[[ Source material, beginning ]]

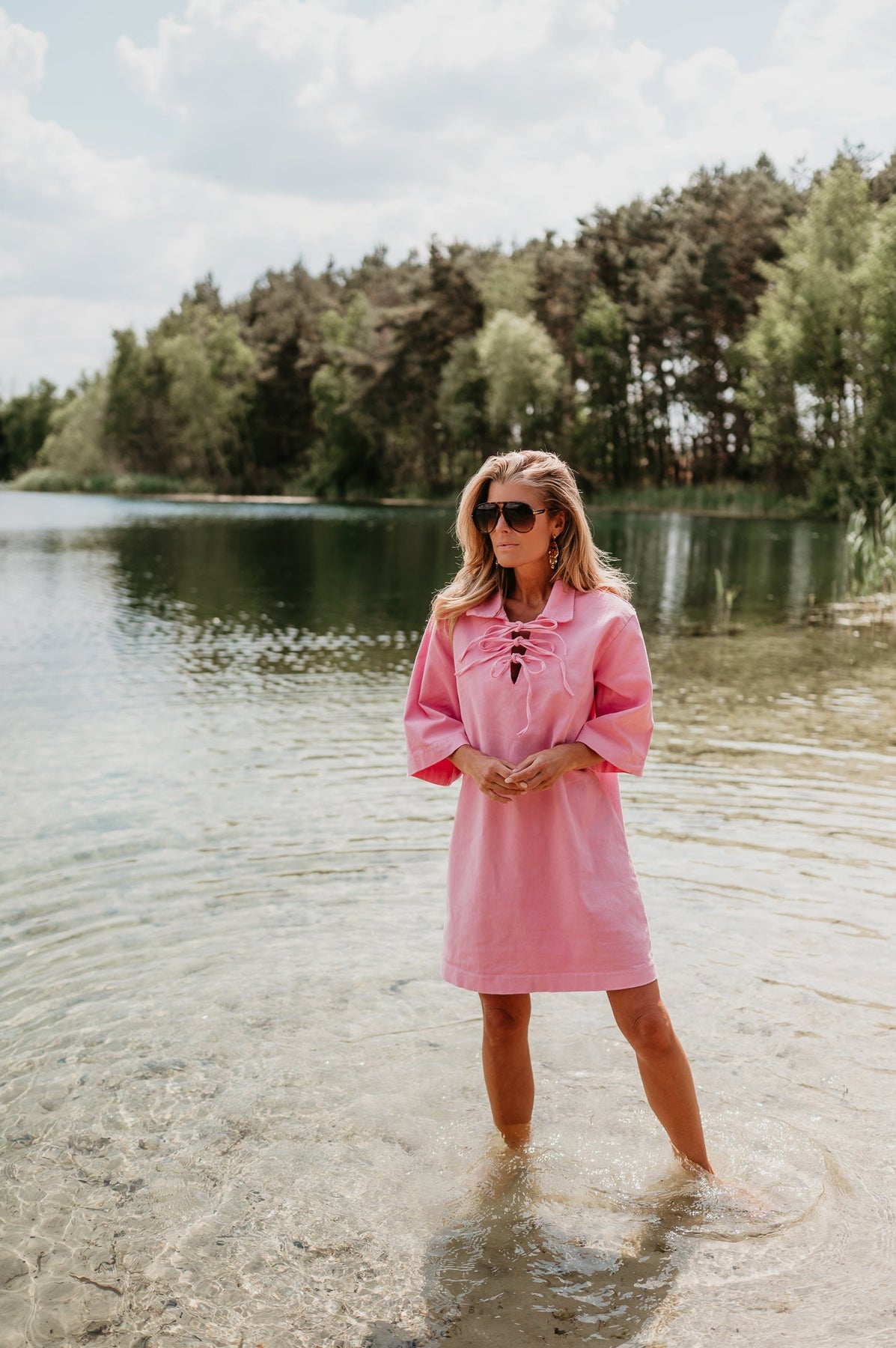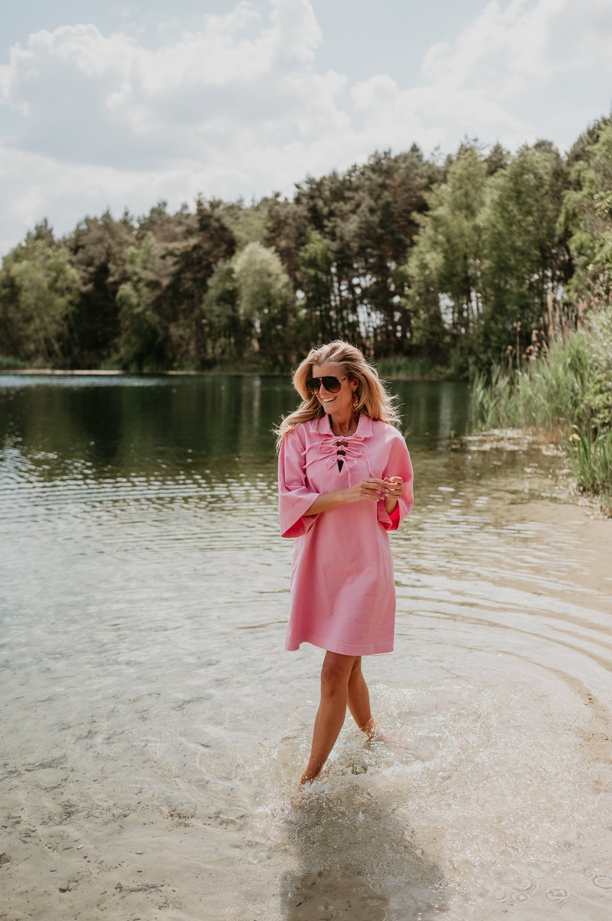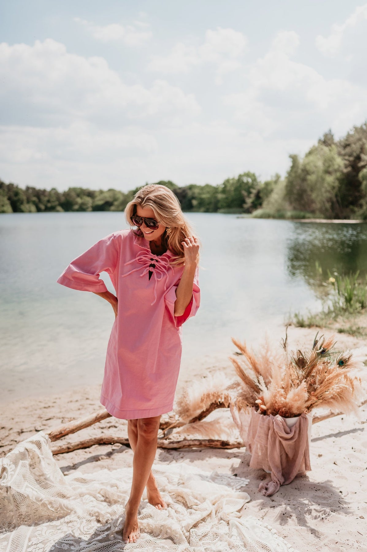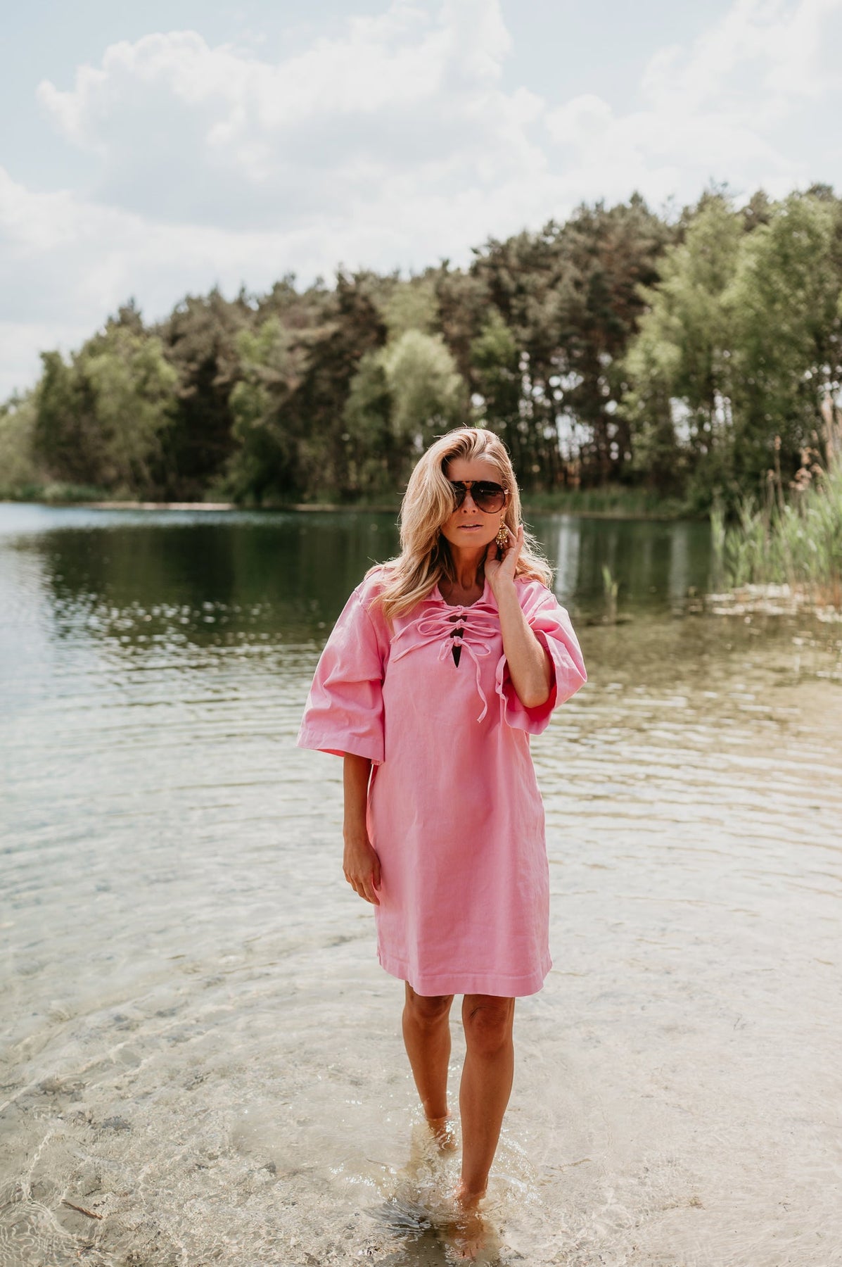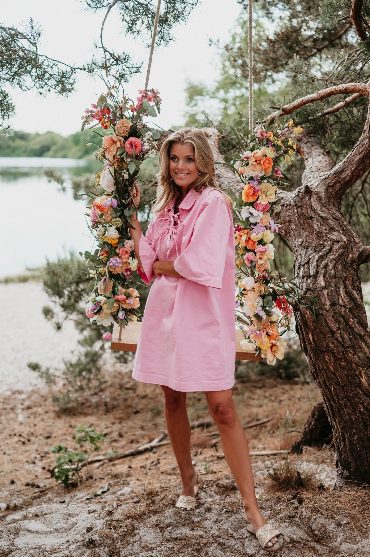 Heel leuk jeans kleedje met fijne strikjes vooraan die zorgen voor een speels en vrouwelijk detail.
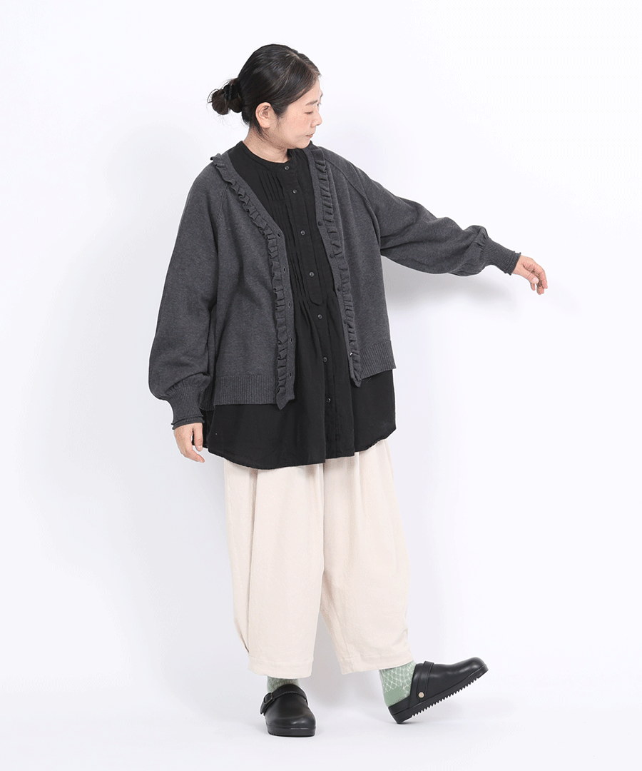ランダムリブニット フリルカーディガン
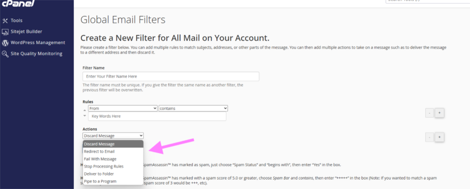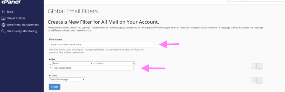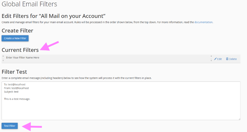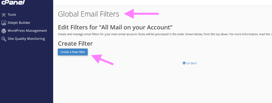 Step 3: In the Global Email Filter section, click on Create a New Filter.
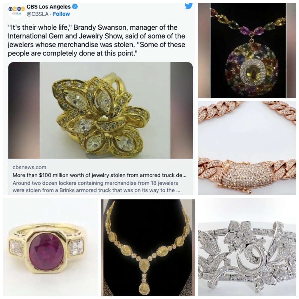 Los Angeles robbery $150 million jewelry for International jewelry exhibit in the armored vehicle was robbed on the way to Pasadena 洛杉矶惊天大劫案 $1.5亿珠宝 国际珠宝展品装甲车前往帕萨迪纳路中遭劫 7-16-22
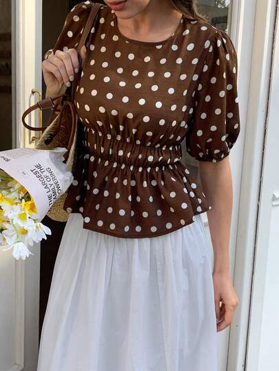 Elyressa Round Neck Raglan Sleeve Gathered Waist Ladies Woven Elegant Summer Blouse - Brown - View 1
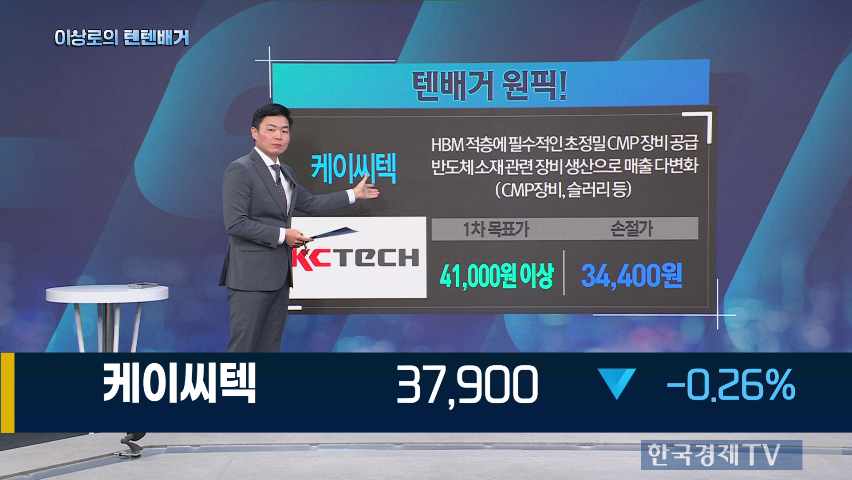 추천 종목으로는 케이씨텍을 꼽으며, 목표가는 4만 1천 원, 손절가는 3만 4,400원으로 제시합니다.
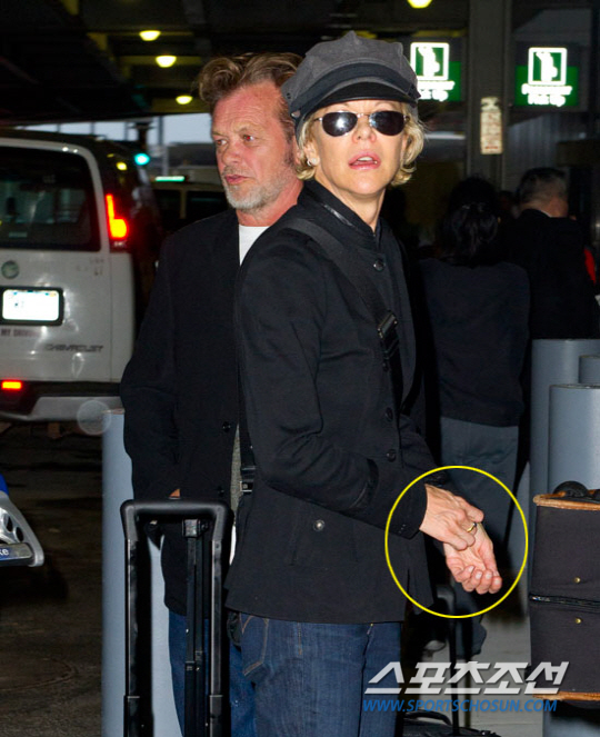 맥 라이언과 록가수이자 10살 연상 남자친구인 존 멜렌캠프(61)가 이탈리아에서 열린 '제59회 타오르미나 필름 페스티벌'에 참석 후 23일(현지시간) 미국 뉴욕 JFK 국제공항에 도착한 모습이 현지 기자들에게 포착됐다.
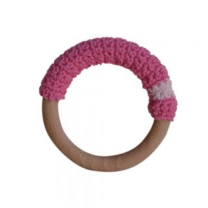 El mordedor de madera bio rosa claro es un juguete sensorial para bebés que le acompañará en sus primeros descubrimientos. Es una anilla de madera y la mitad de la anilla está cubierta con punto de ganchillo hecho a mano. Es fácil de agarrar y precisamente porque son sencillas, ofrece múltiples formas de exploración y experiencias. También puede servir como mordedor y ayudar a calmar las encías cuando estando saliendo los dientes.
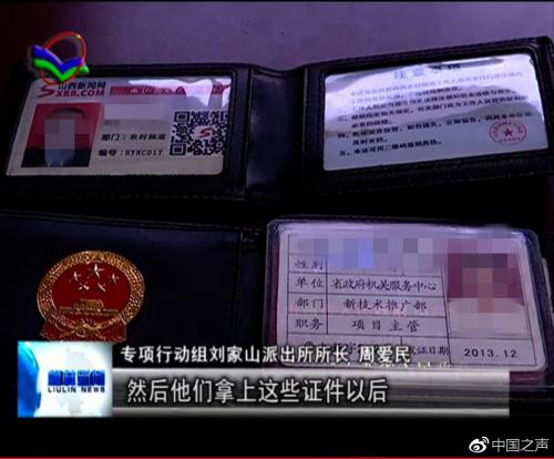 李秋田表示:“经过初步审查以后,他的这个身份是中共中央政研室工作站驻山西工作站,他这个身份是假的,而且这个证件也是自己来做的。他相跟的一个同伙刘某,身份是山西一家新闻网站农村频道的记者,他的这个记者证,他的这个身份也是假的。通过后期调查他的身份,他就不在那上班,单位就没有这个人。”

[[ Source material, end ]]

Exercise =
Copy exactly the part of the material above that opens with the line containing "ランダムリブニット フリルカーディガン" and closes with the line containing "맥 라이언과 록가수이자", ends included. Drop the images.

Task result =
ランダムリブニット フリルカーディガン
 Step 3: In the Global Email Filter section, click on Create a New Filter.
 Los Angeles robbery $150 million jewelry for International jewelry exhibit in the armored vehicle was robbed on the way to Pasadena 洛杉矶惊天大劫案 $1.5亿珠宝 国际珠宝展品装甲车前往帕萨迪纳路中遭劫 7-16-22
 Elyressa Round Neck Raglan Sleeve Gathered Waist Ladies Woven Elegant Summer Blouse - Brown - View 1
 추천 종목으로는 케이씨텍을 꼽으며, 목표가는 4만 1천 원, 손절가는 3만 4,400원으로 제시합니다.
 맥 라이언과 록가수이자 10살 연상 남자친구인 존 멜렌캠프(61)가 이탈리아에서 열린 '제59회 타오르미나 필름 페스티벌'에 참석 후 23일(현지시간) 미국 뉴욕 JFK 국제공항에 도착한 모습이 현지 기자들에게 포착됐다.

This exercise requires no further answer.